Six Factors To Consider Before Investing In SaaS

Yannick Oswald, partner at Mangrove Capital Partners (Photo © Silicon Luxembourg)

SaaS companies have been an investor favourite since they first flooded the market in the early 2000s. However, not all companies are created equal and there are many factors worth considering before investing in a SaaS company. Yannick Oswald, early-stage VC and partner at Mangrove Capital Partners, shares the six investment factors he considers before making an investment. 

  1. The Market Pull 

Before investing in a business, whether it be an enterprise or SME, one has to consider not only if there is a market pull but also how strong it is. “Growing a business to a couple of million revenue is not that hard, but finding a business that can sustain growth over time without throwing loads of money behind it, is a lot harder,” says Yannick.

When there is a real market pull and a company’s product taps into that, then selling the solution will almost, but only almost, go by itself. A related question an investor should always ask themselves is whether the market pull is sustainable and not just caused by contextual factors (e.g., video call platforms saw insane growth during Covid-19 but have slowed down since).

  1. The Onboarding Process

Crucial to the growth potential of a SaaS company is its onboarding process. If the market pull is a combination of the urgency and scale of the problem a company is trying to solve, then the onboarding process is the vehicle which can strengthen the market pull. 

“For enterprises which work slowly you need to create a sense of urgency and show them a proven problem,” explains Yannick, adding: “We’re looking for an onboarding that is relatively frictionless and a strong marketing message that can reach a wide range of potential customers.”

  1. Inside Sales Teams

“Especially when it comes to SaaS companies, we like internal sales teams. This means we like teams that can sell their solution over the phone out of one local office to the rest of the world,” says Yannick.

In other words, if you need to have three lunches before being able to sell your product, you won’t achieve the sales velocity necessary for long-term scalable and sustainable growth.

  1. How Hooked Are Clients?

“Whatever metrics you use, we need to see that people are actually hooked and are continuing to use your product over a longer period of time,” says Yannick.

As an investor, you are always looking for companies that have the potential to achieve long-term growth. To achieve this it is crucial that the majority of clients are hooked to the product and don’t jump ship after their initial subscription ends.

  1. Net Revenue Retention

After SaaS companies hit revenue figures of more than €10m, it is essential for them to have high net revenue retention (NRR). A company’s NRR is a key SaaS metric which allows them to assess how sustainable the growth of their revenue is, thereby giving them a good idea of their long-term growth potential.

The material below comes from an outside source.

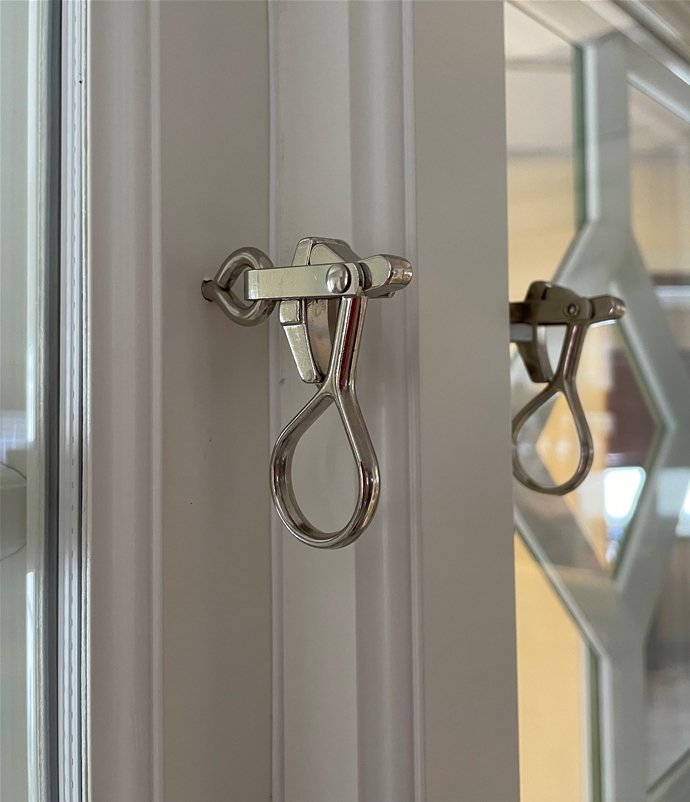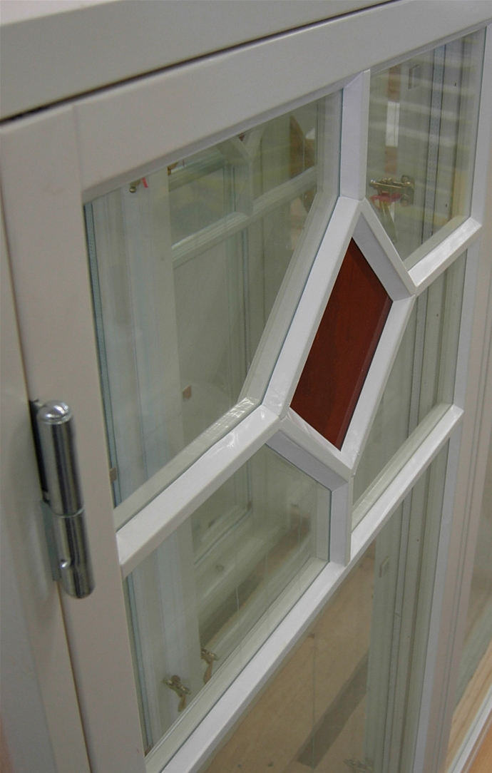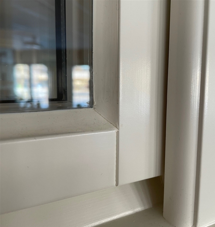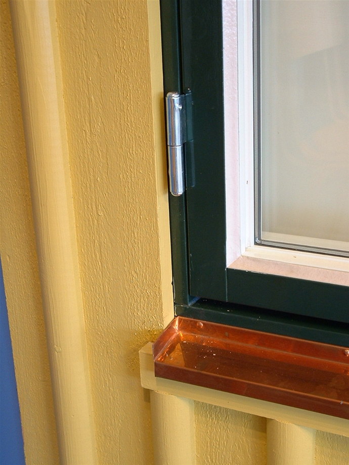 Här visar vi ett kopplat utåtgående fönster från utsidan där den utvändiga sidan är målad grön och kunden valt beige kitt, gångjärnen är standard 1228-85Z. Fönsterblecket är i koppar (ingår inte i fönsterleveransen) som är monterat i det utvändiga spåret i karmbotten.

“You need to have +120% NRR in the SaaS space. The difficulty is that at the early stages, it is hard to know whether a company can achieve those numbers. However, usually, the great companies have a multiproduct strategy from the start which will help them achieve those numbers,” says Yannick.

  1. The Right “Mode”

With software being commoditised at a faster rate than ever before – in no small part thanks to LLMs like ChatGPT – SaaS companies need to start differentiating themselves in new ways. 

“Either you have a tech differentiation and you build a product that is very difficult to build or you have a unique data set that allows you to build something nobody else can,” explains Yannick, adding: “Startups need to have a mode around them to be successful in the long run.” 

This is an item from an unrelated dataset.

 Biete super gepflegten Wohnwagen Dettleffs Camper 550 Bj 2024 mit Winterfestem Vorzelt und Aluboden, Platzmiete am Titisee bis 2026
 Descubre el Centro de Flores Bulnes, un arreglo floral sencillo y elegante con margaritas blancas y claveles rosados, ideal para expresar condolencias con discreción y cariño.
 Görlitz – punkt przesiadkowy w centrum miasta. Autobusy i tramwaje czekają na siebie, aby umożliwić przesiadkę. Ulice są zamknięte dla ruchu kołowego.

In the early stages, most startups lack a clearly defined mode so this factor is harder to evaluate if you are an early-stage investor. “But that’s the bet an investor takes,” says Yannick. 

SaaS is here to stay

Keeping these six factors in mind before deciding to invest in a software-first company seems like a good starting point. However, having a good understanding of the trends that are shaping the industry is just as important.

One of the more obvious ones is the massive growth of data we’re seeing, a trend which is showing no signs of slowing down this decade. A second trend is ongoing digitalisation across industries. While this trend has been happening for a while, most industries are still far from being fully digitalised, especially when it comes to integrating cloud services.

“Cloud computing penetration is only at 10-15% when it comes to SaaS companies and overall digitalisation across sectors is still only at 30-35%,” explains Yannick. 

While the road for SaaS companies is far from over, there is little doubt in Yannick’s mind that the commoditisation of software will have significant impacts on the future of the industry.

“The long-term trend for software has not changed but investors are now more than ever looking for differentiation which they find in more high-end software,” explains Yannick.